EXERCISE
Only one stretch of the data should be retyped: the lines from the line containing "母子会改め父子のためでもある" through the line containing "2019 MERECEDES-BENZ ACTROS". Keep pictures out of it.

THE DATA
'''
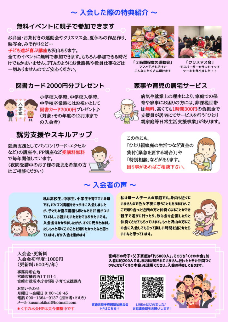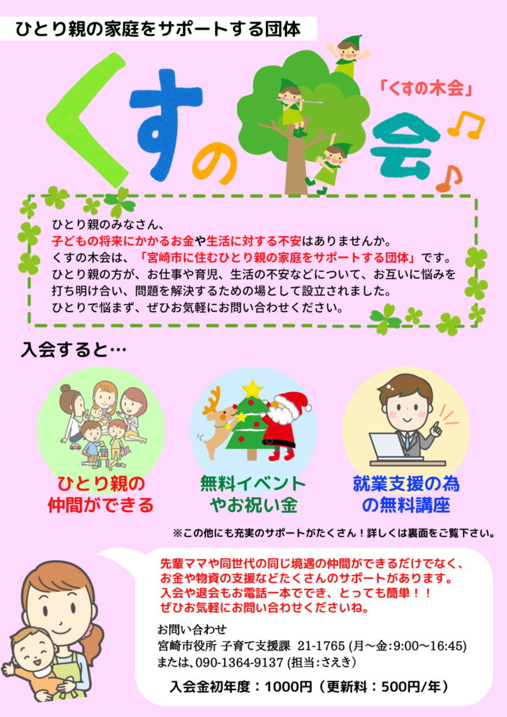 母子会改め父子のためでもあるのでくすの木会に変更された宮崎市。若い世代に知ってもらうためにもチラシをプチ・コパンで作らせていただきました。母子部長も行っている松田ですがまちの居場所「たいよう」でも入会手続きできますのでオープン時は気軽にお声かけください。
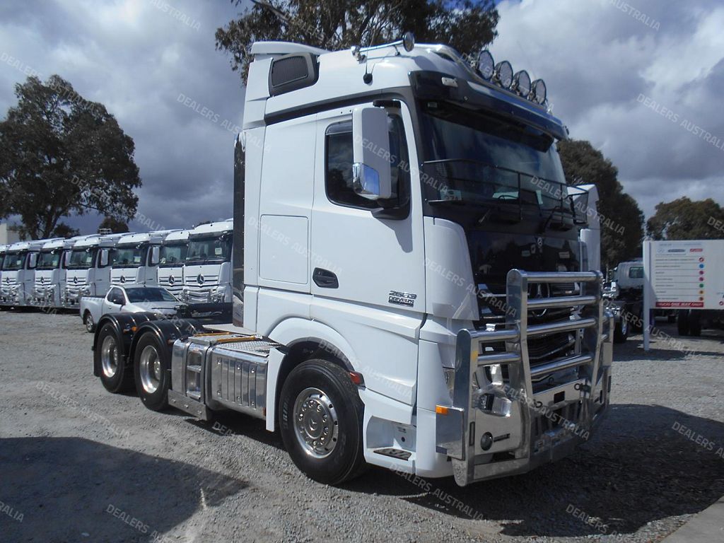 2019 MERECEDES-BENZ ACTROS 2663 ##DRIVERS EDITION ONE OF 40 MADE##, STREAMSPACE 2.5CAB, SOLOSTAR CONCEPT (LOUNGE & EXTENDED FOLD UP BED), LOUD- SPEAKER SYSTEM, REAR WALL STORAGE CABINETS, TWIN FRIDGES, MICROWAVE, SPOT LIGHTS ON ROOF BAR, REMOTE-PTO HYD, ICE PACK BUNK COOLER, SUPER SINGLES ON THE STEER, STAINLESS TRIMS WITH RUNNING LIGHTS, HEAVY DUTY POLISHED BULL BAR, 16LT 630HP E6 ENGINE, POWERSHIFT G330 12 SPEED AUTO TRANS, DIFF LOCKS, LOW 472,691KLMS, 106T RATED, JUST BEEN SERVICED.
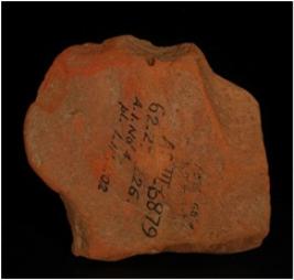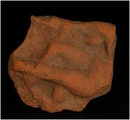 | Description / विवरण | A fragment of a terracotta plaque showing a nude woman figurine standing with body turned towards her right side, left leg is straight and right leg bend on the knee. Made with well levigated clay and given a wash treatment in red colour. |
'''
'''
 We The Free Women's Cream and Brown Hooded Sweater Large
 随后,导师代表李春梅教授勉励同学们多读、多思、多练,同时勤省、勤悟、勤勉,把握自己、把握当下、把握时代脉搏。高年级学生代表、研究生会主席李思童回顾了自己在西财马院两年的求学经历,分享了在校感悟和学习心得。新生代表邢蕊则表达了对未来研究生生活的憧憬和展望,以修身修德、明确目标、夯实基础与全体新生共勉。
'''
'''
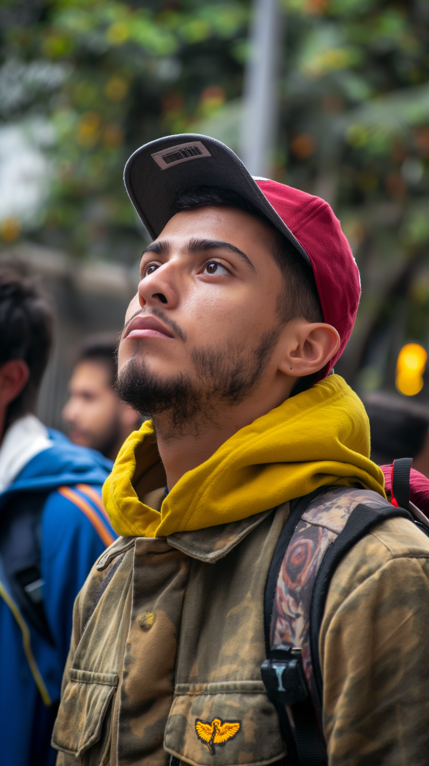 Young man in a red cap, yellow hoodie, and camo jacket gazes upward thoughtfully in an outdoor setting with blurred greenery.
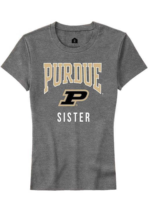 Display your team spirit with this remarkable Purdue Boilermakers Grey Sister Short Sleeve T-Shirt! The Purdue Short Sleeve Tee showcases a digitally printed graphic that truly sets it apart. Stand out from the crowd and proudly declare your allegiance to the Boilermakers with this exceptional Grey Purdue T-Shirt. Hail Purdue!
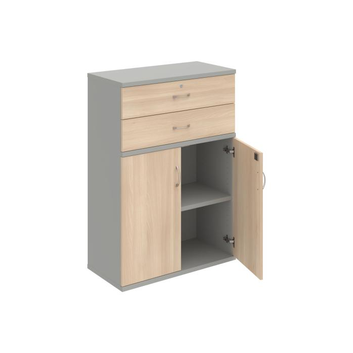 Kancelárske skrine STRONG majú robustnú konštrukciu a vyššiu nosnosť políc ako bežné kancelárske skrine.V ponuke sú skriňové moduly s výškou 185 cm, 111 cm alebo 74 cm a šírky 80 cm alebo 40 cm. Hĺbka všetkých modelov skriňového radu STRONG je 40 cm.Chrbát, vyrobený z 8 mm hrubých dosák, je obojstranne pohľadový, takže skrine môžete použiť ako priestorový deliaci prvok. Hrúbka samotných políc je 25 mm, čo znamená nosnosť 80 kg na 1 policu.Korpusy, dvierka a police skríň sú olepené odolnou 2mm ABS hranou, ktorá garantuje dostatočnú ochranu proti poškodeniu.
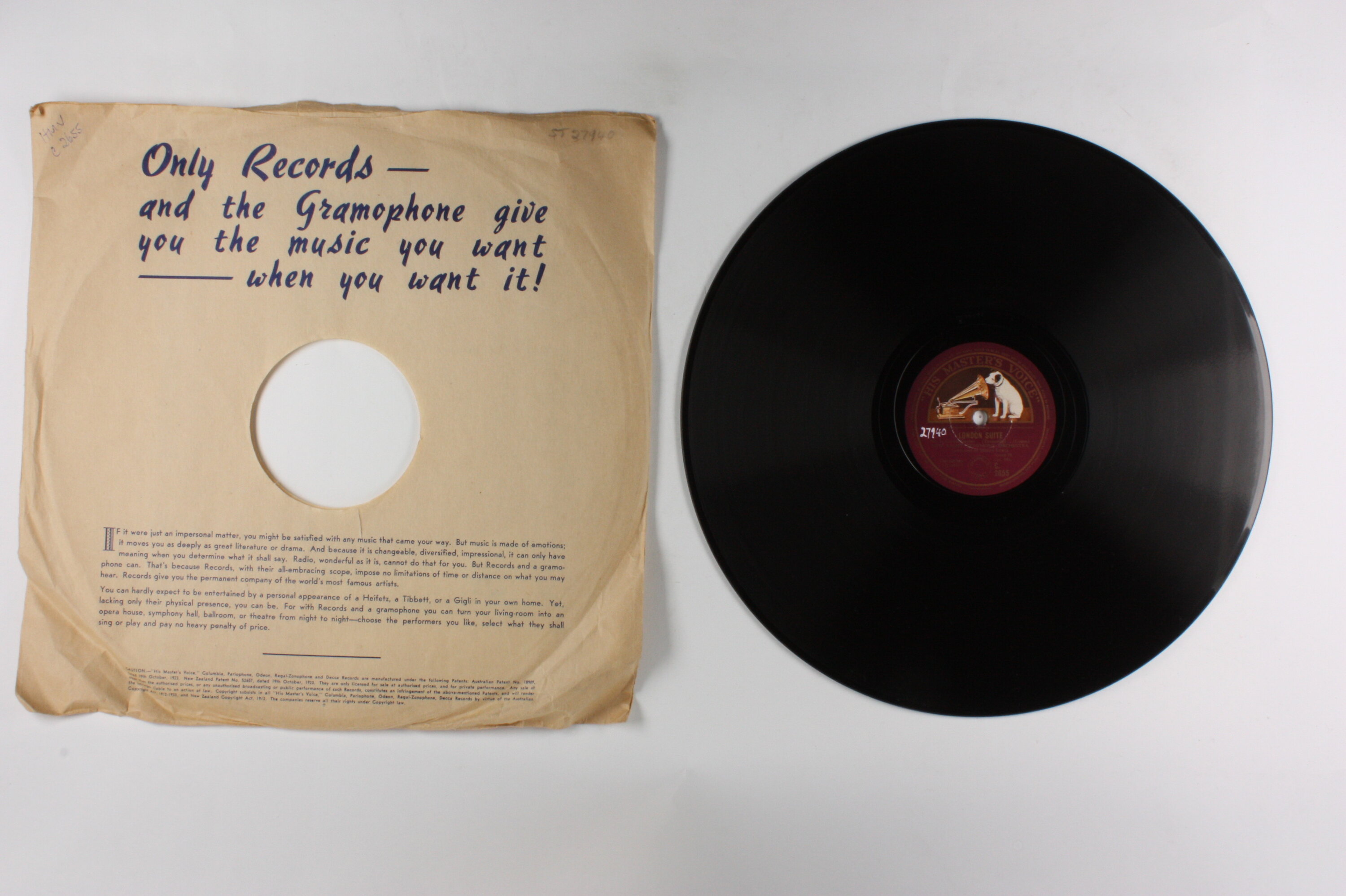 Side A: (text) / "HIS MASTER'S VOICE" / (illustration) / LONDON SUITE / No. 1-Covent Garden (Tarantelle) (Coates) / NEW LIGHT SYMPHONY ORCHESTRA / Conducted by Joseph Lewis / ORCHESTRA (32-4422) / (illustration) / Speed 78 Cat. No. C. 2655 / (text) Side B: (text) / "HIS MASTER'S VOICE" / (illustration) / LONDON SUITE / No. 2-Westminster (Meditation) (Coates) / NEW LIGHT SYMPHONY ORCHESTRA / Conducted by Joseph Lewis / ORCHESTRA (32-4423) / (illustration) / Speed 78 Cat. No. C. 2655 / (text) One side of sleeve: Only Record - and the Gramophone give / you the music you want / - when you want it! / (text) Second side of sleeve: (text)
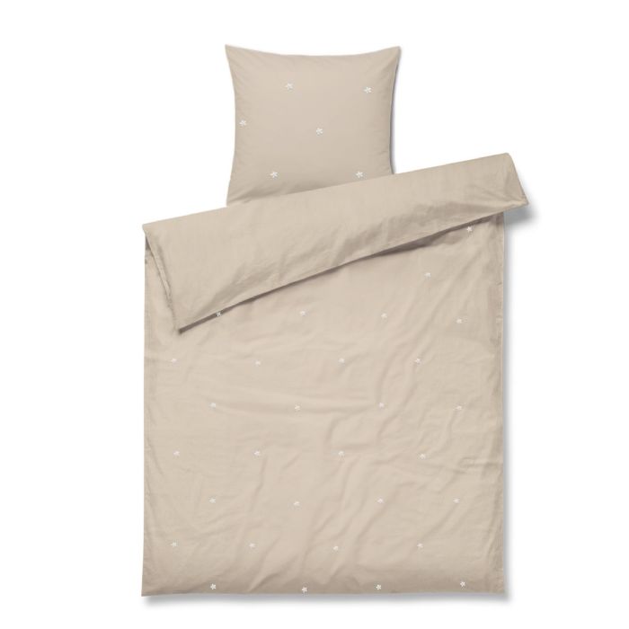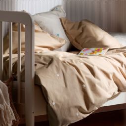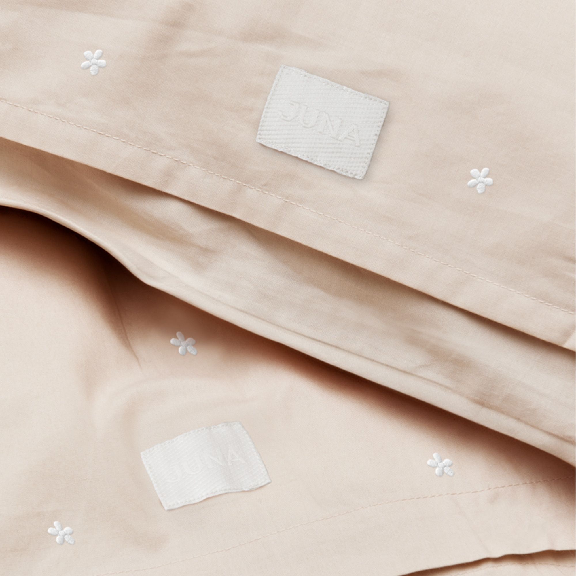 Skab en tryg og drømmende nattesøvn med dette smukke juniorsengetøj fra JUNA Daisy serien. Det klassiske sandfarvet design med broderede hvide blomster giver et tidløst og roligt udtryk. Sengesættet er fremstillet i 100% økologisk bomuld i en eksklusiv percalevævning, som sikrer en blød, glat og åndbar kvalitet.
'''
SOLUTION
 母子会改め父子のためでもあるのでくすの木会に変更された宮崎市。若い世代に知ってもらうためにもチラシをプチ・コパンで作らせていただきました。母子部長も行っている松田ですがまちの居場所「たいよう」でも入会手続きできますのでオープン時は気軽にお声かけください。
 2019 MERECEDES-BENZ ACTROS 2663 ##DRIVERS EDITION ONE OF 40 MADE##, STREAMSPACE 2.5CAB, SOLOSTAR CONCEPT (LOUNGE & EXTENDED FOLD UP BED), LOUD- SPEAKER SYSTEM, REAR WALL STORAGE CABINETS, TWIN FRIDGES, MICROWAVE, SPOT LIGHTS ON ROOF BAR, REMOTE-PTO HYD, ICE PACK BUNK COOLER, SUPER SINGLES ON THE STEER, STAINLESS TRIMS WITH RUNNING LIGHTS, HEAVY DUTY POLISHED BULL BAR, 16LT 630HP E6 ENGINE, POWERSHIFT G330 12 SPEED AUTO TRANS, DIFF LOCKS, LOW 472,691KLMS, 106T RATED, JUST BEEN SERVICED.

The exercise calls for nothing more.